What is a password manager?
A password manager is a software application or hardware device that creates strong, complex passwords for online accounts. The program provides access to those passwords via a master code that you, the user, create. The password manager also saves and protects other sensitive data, like user IDs, personal identification numbers, credit card numbers, and answers to security questions. All you need to remember is the master code.
The various types of password managers differ1,2 mainly according to where your passwords and other log-in credentials are stored. Common locations for password managers to store your passwords are in your web browser, in the cloud, on your desktop, or on a portable device, such as your mobile device or a USB plug-in.
How much do password managers cost?
Prices for password managers vary widely, and there are even some high-quality free versions available. A PC Magazine3 review gave high rankings to 10 password manager products with prices ranging from $12 a year for Zoho Vault to $39.99 a year for Dashlane. The magazine also listed the best free4 password managers, with LastPass and LogMeOnce Password Management Suite Premium tying for first place.
What are the risks when using password managers?
No information security system is risk-free, but password managers have some built-in protections that lower their risks considerably. Of course, one of the biggest challenges they face is keeping up with hackers' ingenuity.
“One risk that I see is if there are vulnerabilities in the code for the password manager," says Rakesh Verma, professor of computer science and director of the ReDAS (Reasoning and Data Analytics for Security) Lab at the University of Houston. “It's possible that attackers can try to reverse-engineer the code."
In other words, a hacker could potentially figure out the source code for the password manager and use that info to break into the site. But Wright says the risk of someone breaching a password manager's site is only modest with a high-quality program, because they are built securely enough to block most such attacks.
Another risk is that someone might learn your personal master code. The good news is that most password managers use a multifactor authentication process5 that stores the authentication code only on your own device, so there's a lower chance of a cyber thief getting a hold of it.
To bolster your security, Wright says, pick a password management company with a good business reputation. If you're not familiar with a company or product, look for reviews5 from cybersecurity experts.
Are password managers safe for accounts that have financial information?
Considering the risks that stem from using weak passwords and the challenge of keeping track of multiple accounts, Wright sees password managers as useful and reasonably safe tools. But think very carefully before using one for your banking and other financial accounts.

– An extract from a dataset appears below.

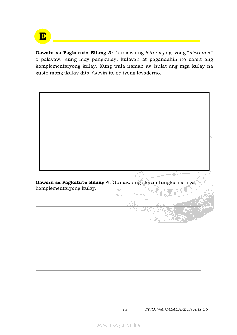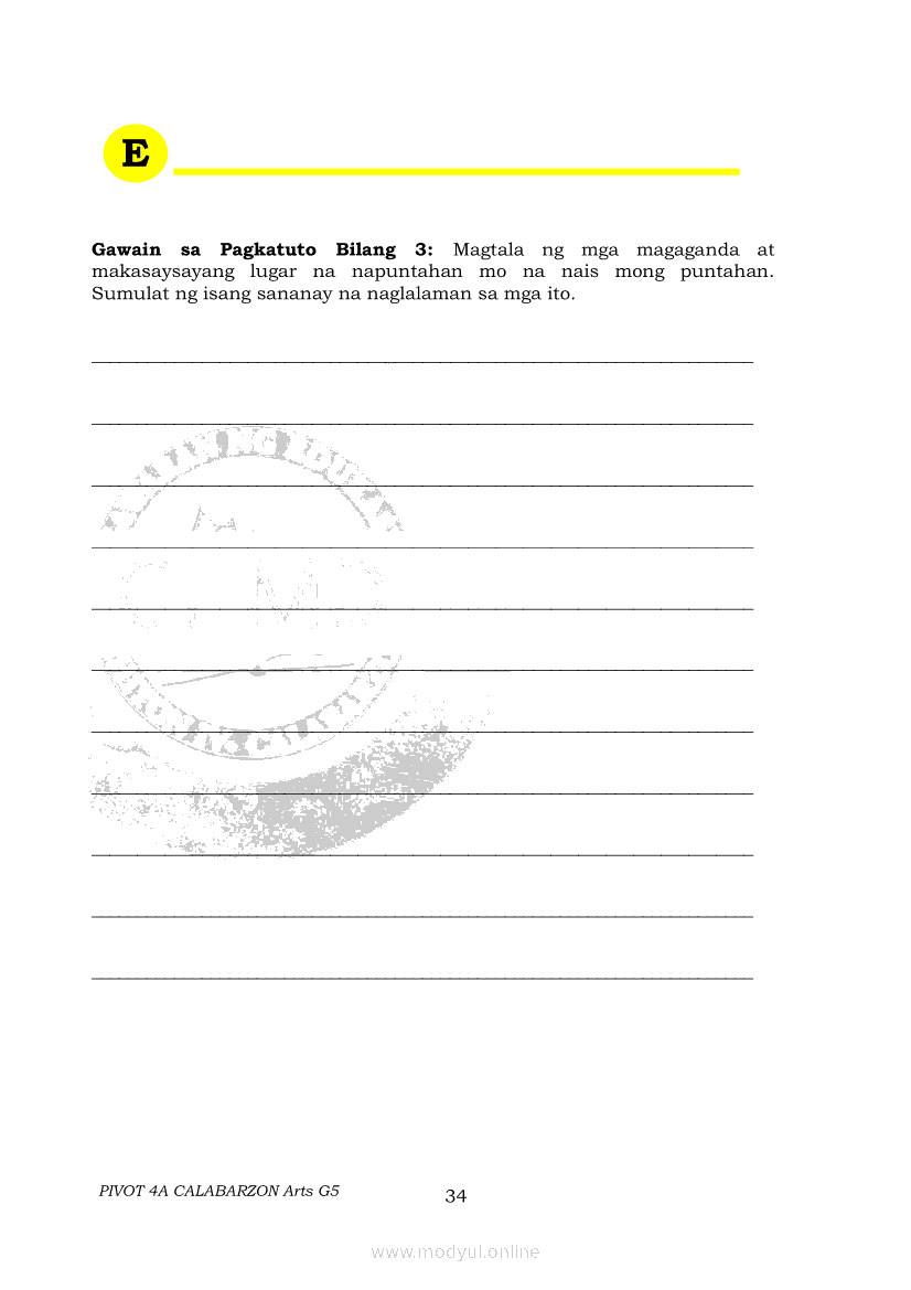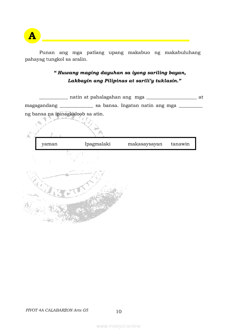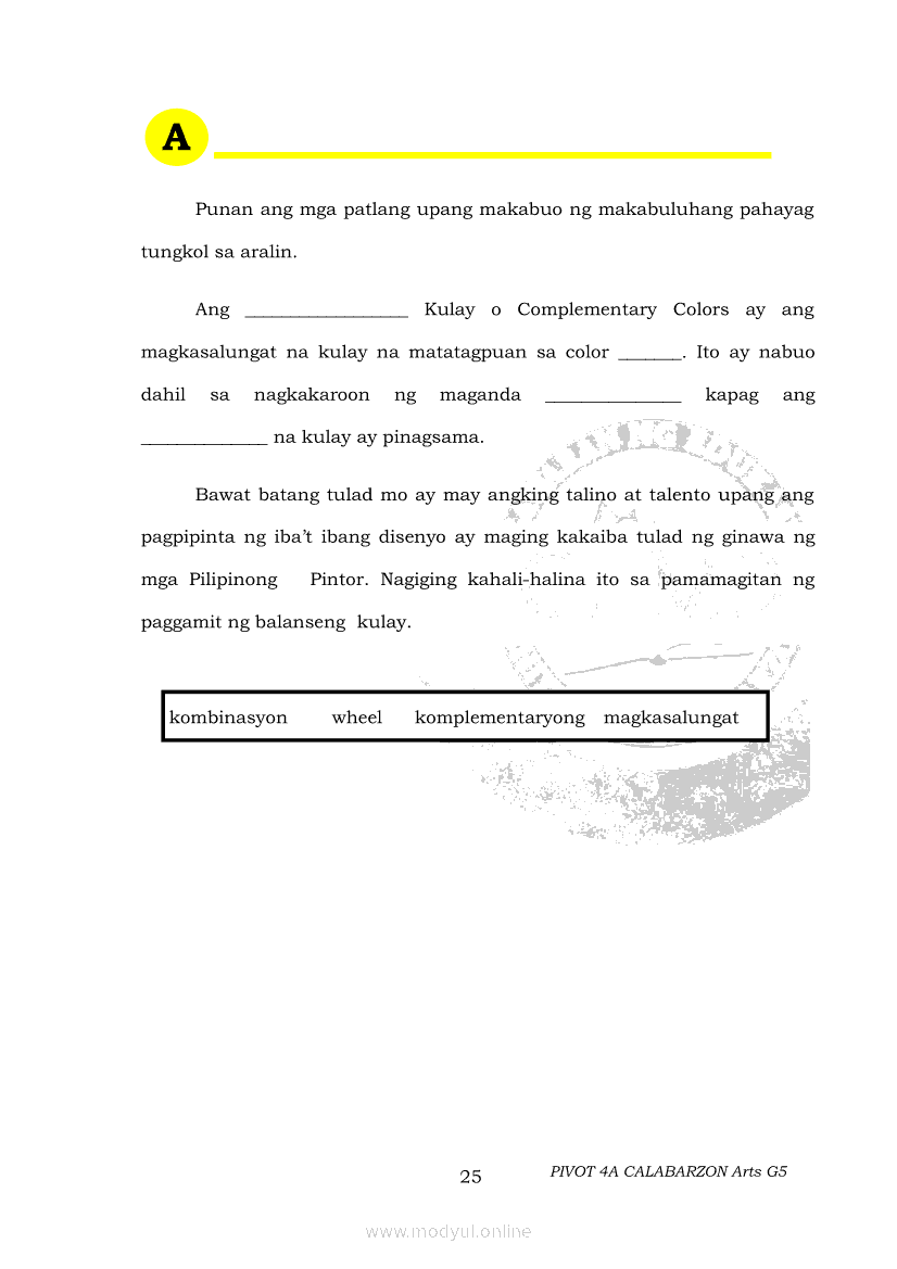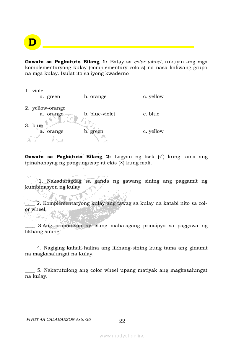 Arts 5 Modyul para sa Ikalawang Markahan (PIVOT)Apr 22, 2021 Grade 5Kiumo M901 Tablet for Kids — comprehensive protection in learning, safety, and entertainment for as low as **₱2,399!. Arts 5RelatedARTS Ikaapat na Markahan – Modyul 4a: 3D at Eskultura: Ang Tradisyon ng Sining sa PilipinasARTS Ikaapat na Markahan – Modyul 4b: Paggawa ng 3-Dimensional Crafts: Mobile Art, Paper Mache at Paper BeadsArts 5 Modyul 8: Ang Aking KomunidadArts 5 Modyul 7: Payak na Exhibit: MakibahagiArts 5 Modyul 3: Mga Sinaunang Gusali sa Bansa

“I would not recommend using a password manager for very high-value accounts if you can manage to remember one pretty-good password for each one," Wright says, referring to accounts containing large sums of money that a thief could potentially steal via direct transfer. “For everything else, a password manager is a fine solution."
What happens if someone gets my master password?
If someone obtains or steals your master password, then that person will have access to all passwords that are saved in the password manager — granting them carte blanche access to all of your accounts.
Besides someone stealing your master password, another risk is the chance you'll forget your code and be locked out. With LastPass, you can receive a hint about your forgotten master password6 and instructions on how to reset it, as long as you are using the same computer or mobile device on which you previously used the password manager. With other vendors, you'll be locked out permanently and will have to reset the passwords manually for all your online accounts at each site. That inconvenience still wouldn't be as bad as having your account information stolen.
Are there any good alternatives to password managers?
If you don't feel comfortable using a password manager, Verma has another idea for creating multiple strong passwords and making them easy to recall. While he thinks password managers are reasonably secure, he doesn't use one himself. Instead, he creates his own passwords using an algorithm.
You don't have to be a computer science or math whiz to do this, Verma insists. An algorithm is simply a step-by-step process.
“An algorithm is like a recipe, except that it's much more systematic and straightforward, so that even a computer can execute the steps," Verma says.
Here's how it would work: You design a password formula that includes both special elements you are likely to remember and parts that relate to each financial account. For example, you might pick some letters from the bank name, some digits from a family birth date, and a couple of symbols. The basic steps would be the same for each account password, but the specific characters would vary. You could memorize or store the formula – and maybe some hints to help you recall each password – without having to memorize dozens of codes.
Whether you decide to use an automated password manager for most of your passwords or go the DIY route, you need a system for creating passwords that are unique and hard to breach. And whatever you decide, be sure to keep those super-sensitive financial account passwords off your password manager.